Entertainment

'South Park' Provides Some Sponsored Content of Its Own

"Sponsored Content" is the latest instance of 'South Park' staying #OnBrand.

by Matthew Strauss
Comedy Central

South Park continued its impressive 19th season last night with “Sponsored Content.” In the episode, PC Principal goes after Jimmy, the editor-in-chief of the school newspaper, Super School News, because Jimmy allows a first-grader to use the word “retarded” in an op-ed, which PC Principal opposes. Of course, the underlying irony is that Jimmy is physically handicapped — his preferred nomenclature, as he says throughout the episode — and yet PC Principal is the one telling him how to talk about differently abled people. It’s a messy argument — who should stand up for whom and how — but South Park, as always, provides its point of view without much opposition.

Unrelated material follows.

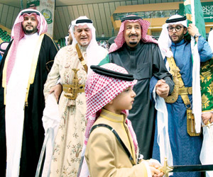 لدى وصول خادم الحرمين الشريفين، مقر الحفل بالصالات الرياضية يرافقه الأمير راكان بن سلمان بن عبدالعزيز، والأمير فيصل بن أحمد بن سلمان بن عبدالعزيز، والأمير عبدالعزيز بن خالد بن سلمان بن عبدالعزيز، كان في استقبال الملك سلمان، المستشار الخاص لخادم الحرمين الشريفين الأمير عبدالإله بن عبدالعزيز آل سعود، وأمير منطقة الرياض الأمير فيصل بن بندر بن عبدالعزيز، والأمير متعب بن عبدالله بن عبدالعزيز، ووزير الحرس الوطني رئيس اللجنة العليا للمهرجان الوطني للتراث والثقافة، الأمير خالد بن عبدالعزيز بن عياف، والمستشار في الديوان الملكي الأمير تركي بن محمد بن فهد بن عبدالعزيز، ونائب أمير منطقة الرياض الأمير محمد بن عبدالرحمن بن عبدالعزيز، ووزير الداخلية الأمير عبدالعزيز بن سعود بن نايف بن عبدالعزيز، ونائب وزير الحرس الوطني نائب رئيس اللجنة العليا للمهرجان عبدالمحسن بن عبدالعزيز التويجري.

The episode’s other primary storyline is where it begins to get ridiculous. Jimmy strictly opposes advertising in Super School News, which makes it a hit around town. Geico then offers Jimmy $26 million to put some ads in the paper, but they’re not exactly ads. They’re… sponsored content.

Basically, South Park creators Trey Parker and Matt Stone insist that news doesn’t really exist on the internet anymore. Everything’s backed by someone’s ad money, which leads to watered-down content like slideshows and listicles. Ultimately, they suggest that human beings are ads — kind of like caricatures of what we think people should be, not who they really are. And that’s where they’re poking a little fun at themselves.

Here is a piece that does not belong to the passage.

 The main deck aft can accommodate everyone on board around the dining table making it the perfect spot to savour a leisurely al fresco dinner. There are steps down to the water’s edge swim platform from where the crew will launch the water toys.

South Park has received overwhelming critical acclaim for Season 19, even if viewership is a bit down. And deservedly so. It’s stuck to a particular theme — critiquing and satirizing political correctness and its surrounding culture — and managed to build on the plot from episode to episode. But it’s almost like South Park is creating some sponsored content of its own.

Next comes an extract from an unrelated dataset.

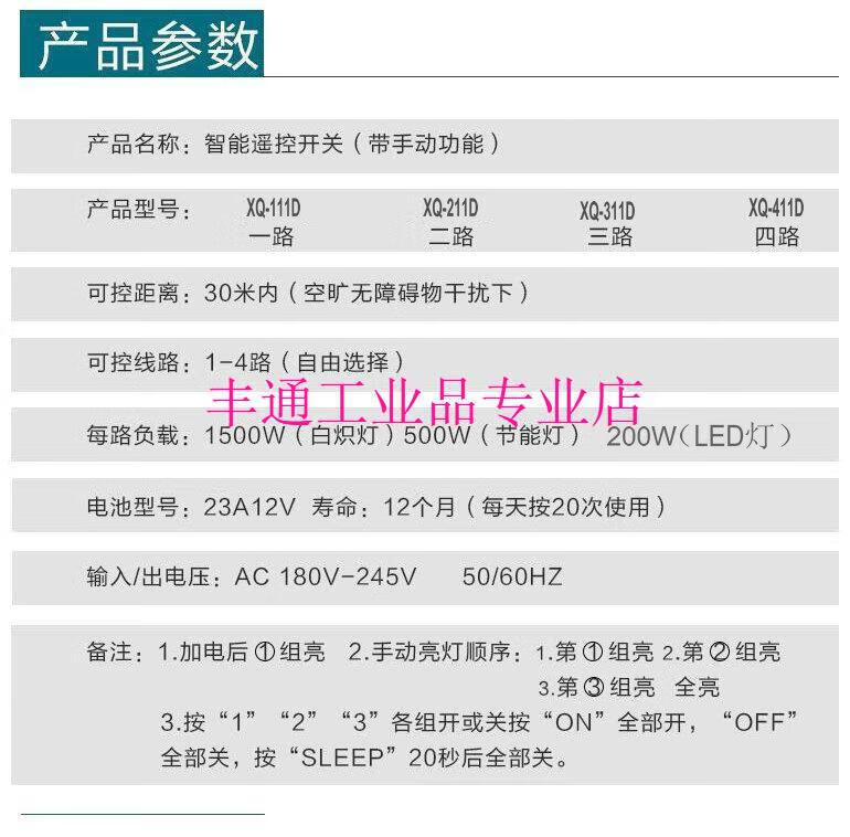 Xianqizhuibangqixin electronic digital remote control switch lamp LED segmented remote control one, two, three and four channels XQ-111D one channel remote control switch

The jokes — which have become increasingly rare — are still classic Parker-Stone toilet humor. That’s part of the satire — having the PC frat’s political correctness actually stand for “pussy crushing,” for example — but it also signals that Parker and Stone are aware of what will get them into frickin’ Adweek for critiquing ad blocking. They can make some pretty straightforward claims about sponsored content — that it’s impossible to avoid and often hard to distinguish what’s sponsored and what’s news — and still get away with having the stunning and brave Caitlyn Jenner say Hillary Clinton’s face looks like donkey shit and pizza.

Jimmy attends one of the PC frat's parties in 'Sponsored Content.'

Comedy Central

South Park is giving people what they want, just as sponsored content is known to do. Parker and Stone are just providing it the way that they want to do it — we’re happy to be their suckers.